As indicated in the certifications in Exhibit 31 of this report, the Corporation’s chief executive officer, principal financial officer and principal accounting officer have evaluated the Corporation’s disclosure controls and procedures as of June 30, 2011. Based on that evaluation, these officers have concluded that the Corporation’s disclosure controls and procedures are effective in ensuring that information required to be disclosed by the Corporation in the reports that it files or submits under the Securities Exchange Act of 1934, as amended, is accumulated and communicated to them in a manner that allows for timely decisions regarding required disclosures and are effective in ensuring that such information is recorded, processed, summarized and reported within the time periods specified in the Securities and Exchange Commission’s rules and forms. There were no changes during the Corporation’s last fiscal quarter that materially affected, or are reasonably likely to materially affect, the Corporation’s internal control over financial reporting.

PART II. OTHER INFORMATION

Item 1. Legal Proceedings

The New Mexico Environment Department (NMED) is evaluating potential enforcement for alleged violations of the New Mexico Air Quality Control Act and implementing regulations for failure to obtain appropriate permits or registrations for compressor engines and other equipment located at XTO Energy Inc. operating sites within the state. By notice dated May 4, 2011, the NMED has indicated that it intends to seek a penalty in excess of $100,000 to resolve this matter.

Refer to the relevant portions of note 2 on pages 7 and 8 of this Quarterly Report on Form 10-Q for further information on legal proceedings.

-23-


Table of Contents
Item 2. Unregistered Sales of Equity Securities and Use of Proceeds

Issuer Purchase of Equity Securities for Quarter Ended June 30, 2011

Period

Total Number
Of Shares
Purchased
Average
Price Paid
per Share
Total Number of
Shares Purchased
as Part of Publicly
Announced Plans
or Programs
Maximum Number
Of Shares that May
Yet Be Purchased
Under the Plans or
Programs

April, 2011

19,040,697 $ 85.14 19,040,697

May, 2011

23,061,621 $ 82.40 23,061,621

June, 2011

24,873,065 $ 80.02 24,873,065

Total

66,975,383 $ 82.29 66,975,383 (See Note 1 )

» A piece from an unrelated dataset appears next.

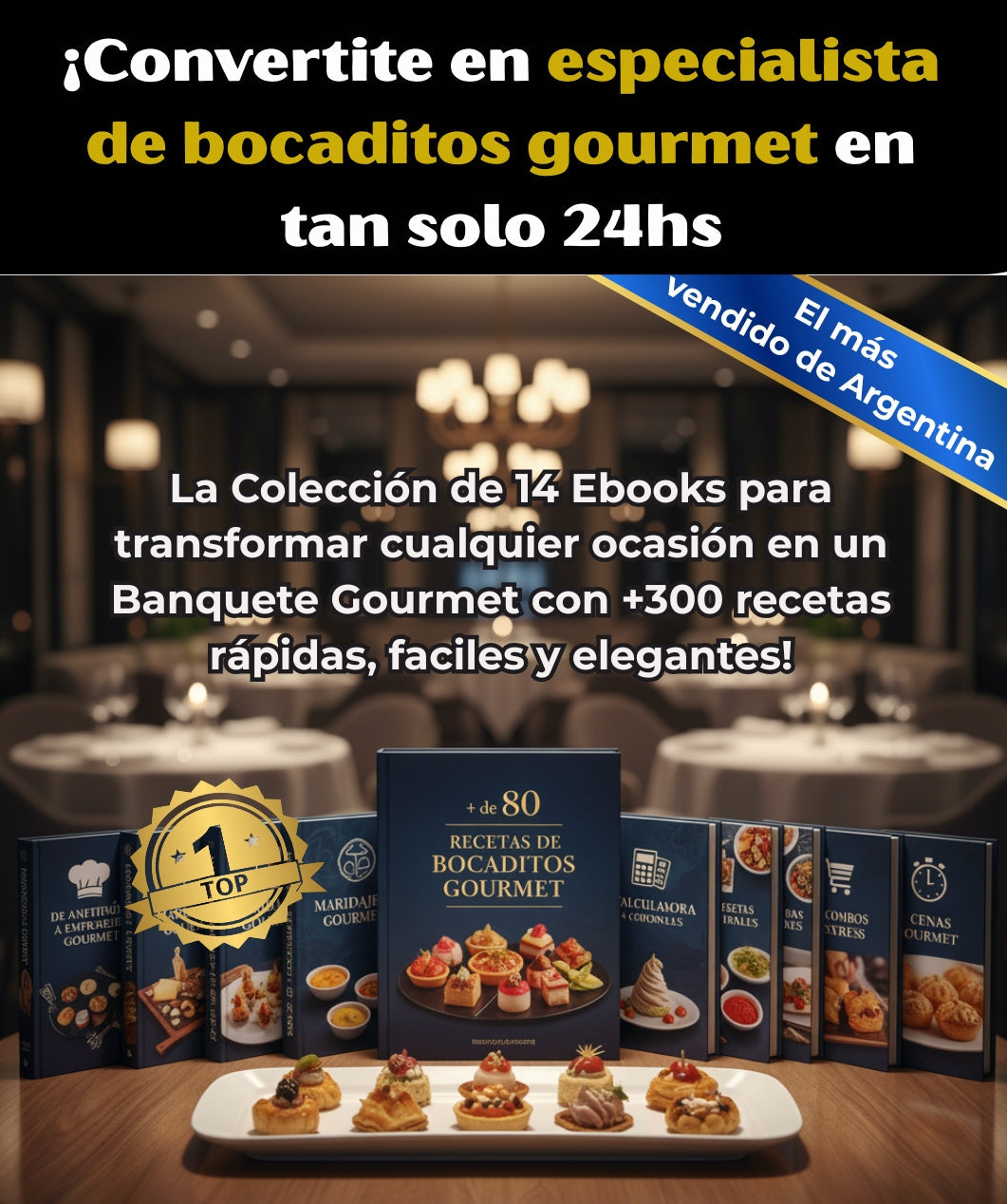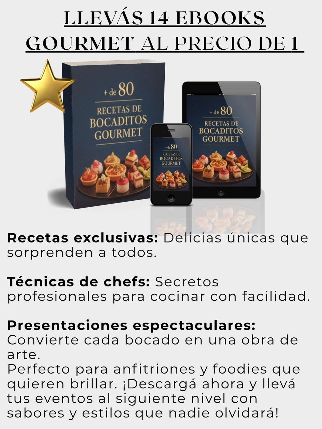 14 libros digitales al precio de 1. Conocé mas de 300 recetas gourmet para tus eventos o emprendimiento
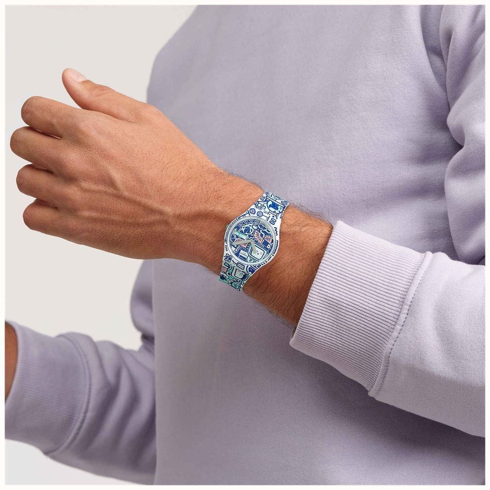 Часы Swatch SO28Z702 — эффектный и надежный аксессуар. Эти веселые часы были созданы в сотрудничестве с уличным художником Бао Хо. Белый циферблат украшен многокрасочным принтом и серебристыми стрелками часов, минут и секунд, все под стеклом из биоматериала. Специальное окно даты и дня месяца также служит индикатором "жизненной силы", который заряжается в течение 7 дней. Матовый белый корпус с темно-синим принтом изготовлен из биоматериала. Матовый белый ремешок с многокрасочным принтом сочетается с матовой темно-синей петлей и пряжкой, также темно-синего цвета. Ремешок из силикона на стандартной застёжке. Внутри часов установлен надежный кварцевый механизм, который обеспечивает точность хода. Эти часы водонепроницаемы до 30 метров, что позволяет не беспокоиться о случайных брызгах или дождевых каплях. Swatch SO28Z702 — это идеальный выбор для тех, кто ценит сочетание стиля, комфорта и функциональности в одном аксессуаре.

Note 1 — On August 1, 2000, the Corporation announced its intention to resume purchases of shares of its common stock for the treasury both to offset shares issued in conjunction with company benefit plans and programs and to gradually reduce the number of shares outstanding. The announcement did not specify an amount or expiration date. The Corporation has continued to purchase shares since this announcement and to report purchased volumes in its quarterly earnings releases. In its most recent earnings release dated July 28, 2011, the Corporation stated that third quarter 2011 share purchases to reduce shares outstanding are anticipated to equal $5 billion. Purchases may be made in both the open market and through negotiated transactions, and purchases may be increased, decreased or discontinued at any time without prior notice.

Item 6. Exhibits

Exhibit

Description

3(i) Restated Certificate of Incorporation, as restated November 30, 1999, and as further amended effective June 20, 2001.
31.1 Certification (pursuant to Securities Exchange Act Rule 13a-14(a)) by Chief Executive Officer.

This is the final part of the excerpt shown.